The Best Outdoor and Open-Air Theatre in London

Where to go for some al fresco culture

Home to the likes of the National Theatre, the Barbican, the Old Vic, the Bush Theatre, the Almeida and all the historic theatres in the West End, there’s no doubt that the performing arts scene in London is unrivalled. On top of all the world-class theatre productions running all year round in the capital, outdoor theatre bursts into life across the spring and summer too.
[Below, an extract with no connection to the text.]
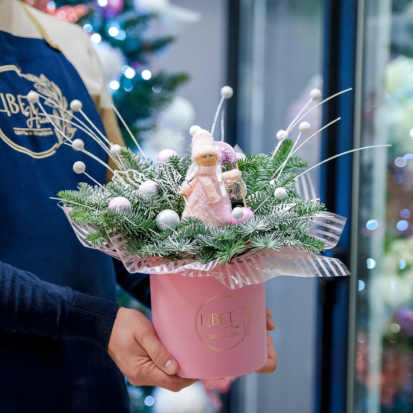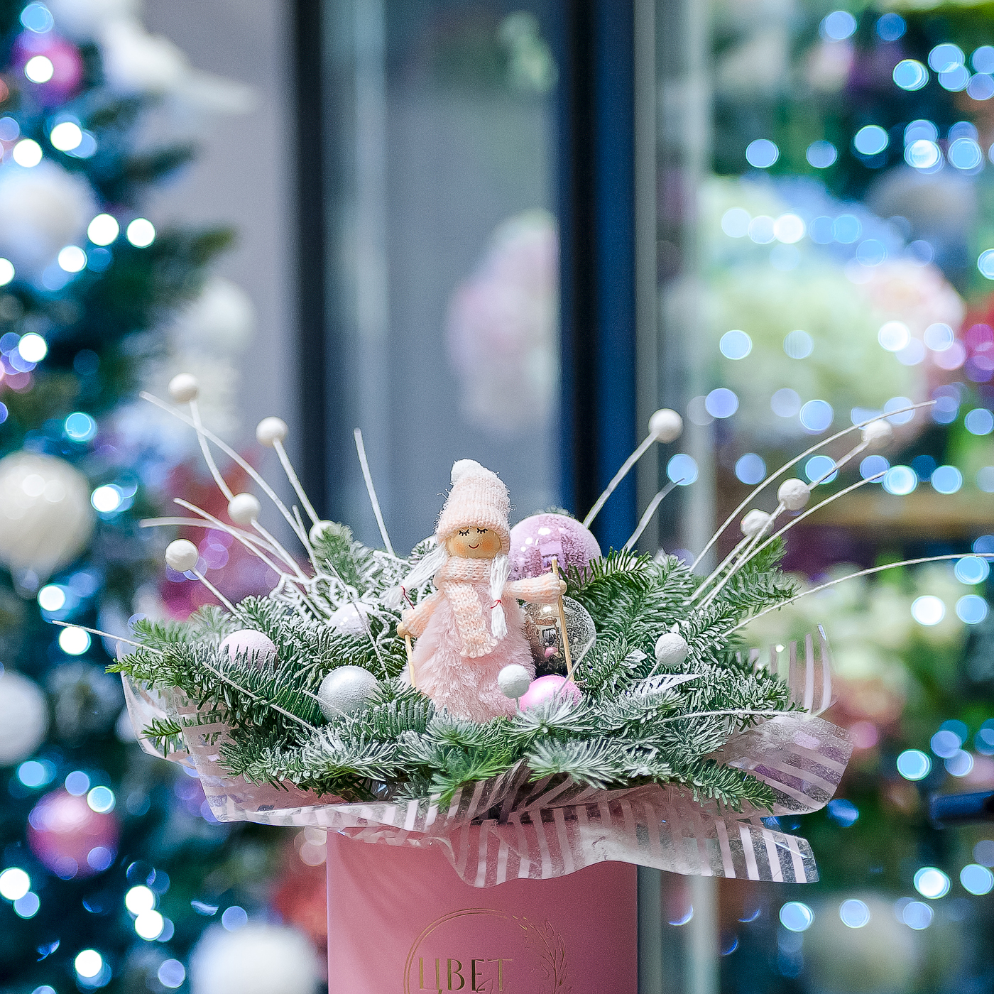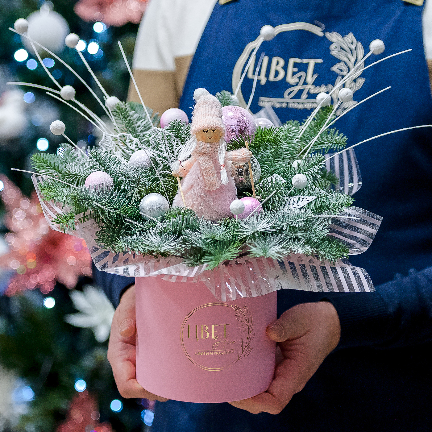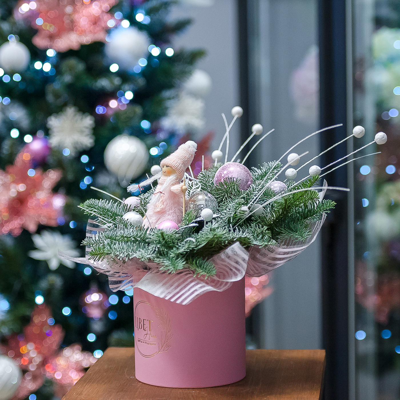 Нежная розовая композиция с нобилисом в шляпной коробке

Of course, doing anything outdoors in the UK always runs the risk of the weather ruining your plans – that’s the British summertime for you – and it’s no different for outdoor theatre. But as Beyonce and Taylor Swift have proven by performing during their world tours in the pissing rain, the show must go on. And what’s a little rain anyway? It’d certainly add some extra atmosphere during a production of Macbeth at Shakespeare’s Globe, and free special effects are not to be sniffed at.

The Globe and Regent’s Park Open Air Theatre are the two most famous outdoor theatres in London but there are other, perhaps more unexpected places to catch an open-air performance in the capital. We’ve rounded them up here, so you can book your tickets – and don’t forget your coat.


A new outdoor theatre has landed in the courtyard of King’s College London’s Maughan Library as part of this year’s London Festival of Architecture. The 50-seat, fully accessible amphitheatre is hosting a range of free performances, talks, debates and more until 31st July, including an interactive play involving the scattered pages of Shakespeare’s First Folio, an immersive version of A Midsummer Night’s Dream, a panel discussion on climate change, and talks about life and works of Samuel Johnson.

Chancery Ln, London WC2A 1LR

Regent's Park Open Air Theatre 2024

Regent’s Park Open Air Theatre

It’s right there in the name so there can be no doubt that Regent’s Park Open Air Theatre is one of the best places to enjoy outdoor performances in London. The season runs from May to September and there’s always a varied programme; this year we’ve got Shakespeare’s Twelfth Night (or What You Will); a stage adaptation of Frances Hodgson Burnett’s The Secret Garden in a new version by Holly Robinson and Anna Himali Howard, and directed by Howard; a new musical version of Roald Dahl’s The Enormous Crocodile, with book & lyrics by Suhayla El-Bushra, music by Ahmed Abdullahi Gallab and additional music and lyrics from Tom Brady; and Fiddler on the Roof, directed by Jordan Fein to entertain us this year.

Inner Circle, Regent’s Park, London, NW1 4NU

couple in Elizabethan dress surrounded by flowers

Shakespeare’s Globe

The Globe is one of the most famous theatres in the city, not just amongst open-air venues, and it’s the place to truly see Shakespeare come alive. The £5 groundling tickets, aka standing tickets, are not only incredible value but give you the chance to experience a performance like many Londoners would have way back in Shakespeare’s day.

The season runs from May to October, though they do some seasonal performances around Christmas time, and here’s what you can catch. An Elizabethan-dress production of Much Ado About Nothing is playing until 24th August; a new production of Richard III is running until 3rd August; a bilingual production of Antony & Cleopatra is being staged from 4th August – 15th September; comedy The Taming of the Shrew is on from 6th June – 26th October; The Comedy of Errors is returning from 21st August – 27th October to transform the theatre into a bustling dock; and Princess Essex, a new play by Anne Odeke is hitting the stage from 13th September – 26th October.

21 New Globe Walk, London SE1 9DT

two actors dressed as fairies

Kew Gardens

Yes Kew Gardens isn’t just for plants anymore. This summer the botanic gardens is teaming up with the Australian Shakespeare Company to host three outdoor theatre productions from July to September. Family-friendly shows Kenneth Grahame’s classic Wind in the Willows and The Dream Fairies – Adventure to Bubble Land will be running in the daytime, with A Midsummer Night’s Dream playing during twilight.

Kew, Richmond, London, TW9 3AE

A scene from performance art piece 'Thaw'

Greenwich + Docklands Festival

GDIF is London’s leading free festival of outdoor theatre and performance art, so it’s safe bet that you’ll see something interesting, unusual and thought-provoking while it’s on. This year’s programme, which runs from 23rd August – 8th September, includes THAW, an aerial production performed on a 2.5-tonne block of ice; Bodies of Water, inspired by Warsan Shire’s poem HOME and produced by the same company as last year’s The ArchitectTOUCH, which combines the use of a flight of stairs and gravity-defying trampoline choreography; PATOIS, a blend of contemporary and traditional Caribbean dance; and an immersive celebration of community, PRAM PEOPLE, which invites participants to join a pram party.